Here is the updated synchronize_with method:

def synchronize_with(incoming_data_item)
  self.attr_short_name = incoming_data_item.attr_short_name
  self.attr_fancy_name = incoming_data_item.attr_fancy_name
  self.attr_just_usual_name = incoming_data_item.attr_just_usual_name
  self.coordinates = incoming_data_item.coordinates
  self.complex_attr1 = incoming_data_item.complex_attr1
  self.aggregated_coordinates = incoming_data_item.aggregated_coordinates
  self.coordinates_text = incoming_data_item.coordinates_text
  save!
end

The AR’s update! method does the same:

  • updates the attribute’s values
  • and uses the save! under the hood

So let’s use it instead:

def synchronize_with(incoming_data_item)
  update!(
    attr_short_name: incoming_data_item.attr_short_name,
    attr_fancy_name: incoming_data_item.attr_fancy_name,
    attr_just_usual_name: incoming_data_item.attr_just_usual_name,
    coordinates: incoming_data_item.coordinates,
    complex_attr1: incoming_data_item.complex_attr1,
    aggregated_coordinates: incoming_data_item.aggregated_coordinates,
    coordinates_text: incoming_data_item.coordinates_text,
  )
end

Again, “Tell, Don’t Ask”. Let’s use the attributes convention:

class IncomingDataItem
  # ...
  def attributes
    {
      attr_short_name: attr_short_name,
      attr_fancy_name: attr_fancy_name,
      attr_just_usual_name: attr_just_usual_name,
      coordinates: coordinates,
      complex_attr1: complex_attr1,
      aggregated_coordinates: aggregated_coordinates,
      coordinates_text: coordinates_text,
    }
  end
  # ...
end

This way the synchronize_with method becomes a simple one-liner:

def synchronize_with(incoming_data_item)
  update!(incoming_data_item.attributes)
end

With this one-liner, we can consider getting rid of it for good. Here is what it would look like:

# find all the "before" usage
item_instance.synchronize_with(incoming_data_item)
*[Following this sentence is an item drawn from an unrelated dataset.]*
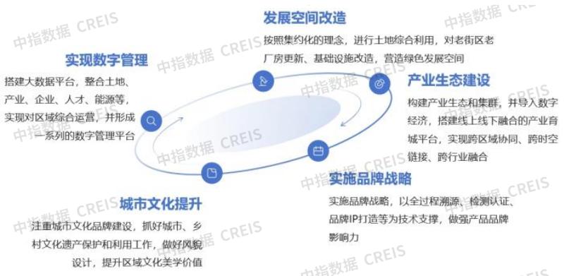 产业地产运营:从空间开发走向产业生态运营,深挖产业发展潜力,开创行业发展新格局。对于综合性大型房企来说,在园区策划、开发、建设、运营方面的经验及全国的产业资源具有先天竞争优势,通过与政府平台创新合作模式实现产业生态、运营服务、区域布局等环节互补式发展,弥补合作双方各自短板,形成“1+1>2”的发展合力。

# and change it to the "after"
item_instance.update!(incoming_data_item.attributes)

Personally, I would prefer to use the synchronize_with one-liner. The “outer” tests would be more straightforward with it.
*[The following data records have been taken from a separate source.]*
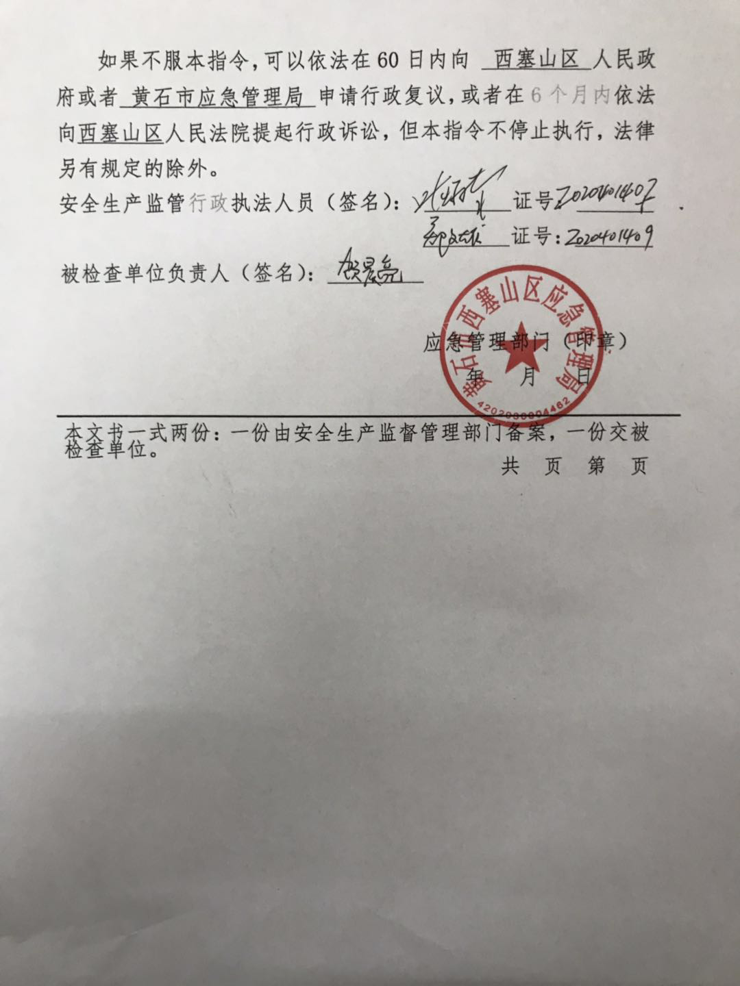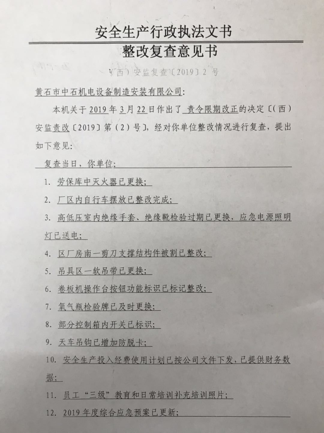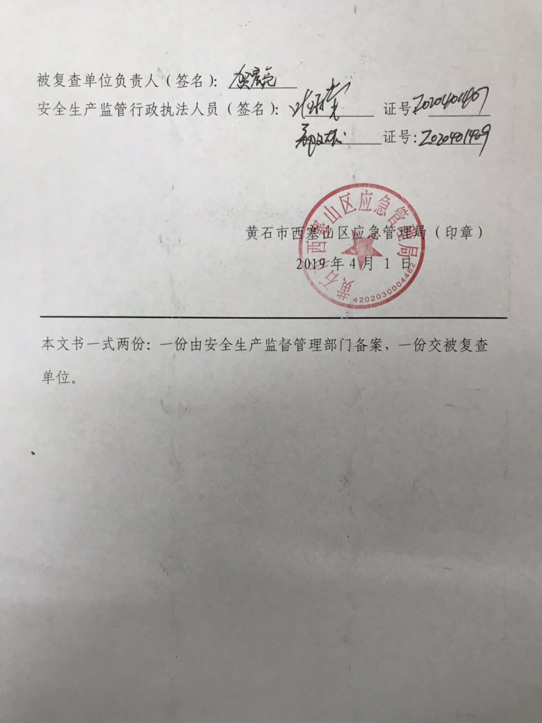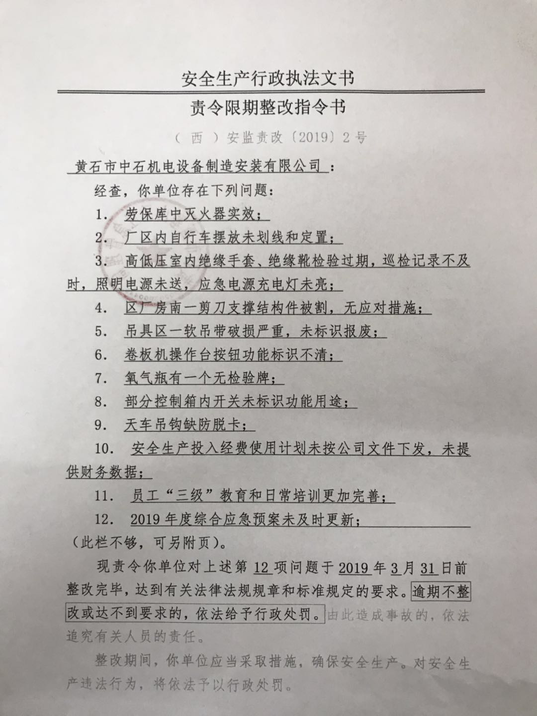 根据相关工作安排,西塞山区安监局工贸科2019年3月20日,组织专家对黄石市中石机电设备制造安装有限公司开展“双随机”检查, 现将执法检查结果公示如下: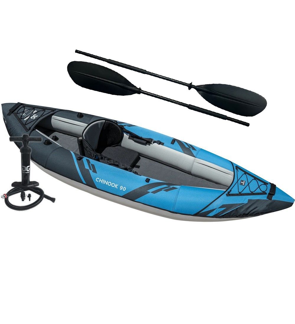 - Incluye: kayak, asiento, bomba, aleta de liberación rápida, bolsa de almacenamiento y kit de reparación.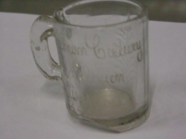 1 x miniature beer glass 5.3 centimetres tall, badly chipped at date 188[9], commemorating Seham coliery explosion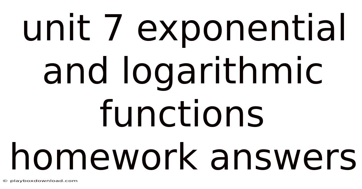 Unit 7’s exponential and logarithmic functions may initially appear intimidating, but the homework answers presented here demonstrate that each problem follows a logical sequence of properties and algebraic steps. By internalizing the core concepts, mastering the key formulas, and vigilantly checking domains, you can solve graphing tasks, exponential and logarithmic equations, and real‑world application problems with confidence. Keep this guide handy, practice regularly, and the patterns will become second nature—setting a solid foundation for advanced mathematics and scientific coursework.

Here is the resulting complete code for both classes to see the entire picture:

class Item < ApplicationRecord
  def synchronize_with(incoming_data_item)
    update!(incoming_data_item.attributes)
  end
end

class IncomingDataItem
  def attributes
    {
      attr_short_name: attr_short_name,
      attr_fancy_name: attr_fancy_name,
      attr_just_usual_name: attr_just_usual_name,
      coordinates: coordinates,
      complex_attr1: complex_attr1,
      aggregated_coordinates: aggregated_coordinates,
      coordinates_text: coordinates_text,
    }
  end

  def coordinates
    [lat, long]
  end

  def complex_attr1
    {a: simple1, b: simple2, c: simple3}
  end

  def aggregated_coordinates
    [aggregated_latitude, aggregated_longitude]
  end

  def coordinates_text
    "lat: #{aggregated_latitude}, long: #{aggregated_longitude}"
  end

  DEFAULT_AGGR_LAT = 0.5
  def aggregated_latitude
    if lat > 123
      (lat + 0.123) / 3
    elsif lat < 0.23
      (lat + 24) * 1.5
    else
      DEFAULT_AGGR_LAT
    end
  end

  DEFAULT_AGGR_LONG = 0.5
  def aggregated_longitude
    if long > 4
      (long - 0.25) * 2.3
    elsif long < -3
      long.abs / 1.1
    else
      DEFAULT_AGGR_LONG
    end
  end
end

As a result, we’ve ended up with all of the functionality moved to the “child” class to address the “Tell, Don’t Ask”. Of course, this is not always like this.

Please, keep in mind, that this is a pretty simple and totally made-up example.

The real-life production code frequently has loops, map, each, etc., collections-related usage, which brings its own additional questions.

But overall, the main principle remains the same.

Extract everything into smaller methods that are simpler to test, read, and reason about.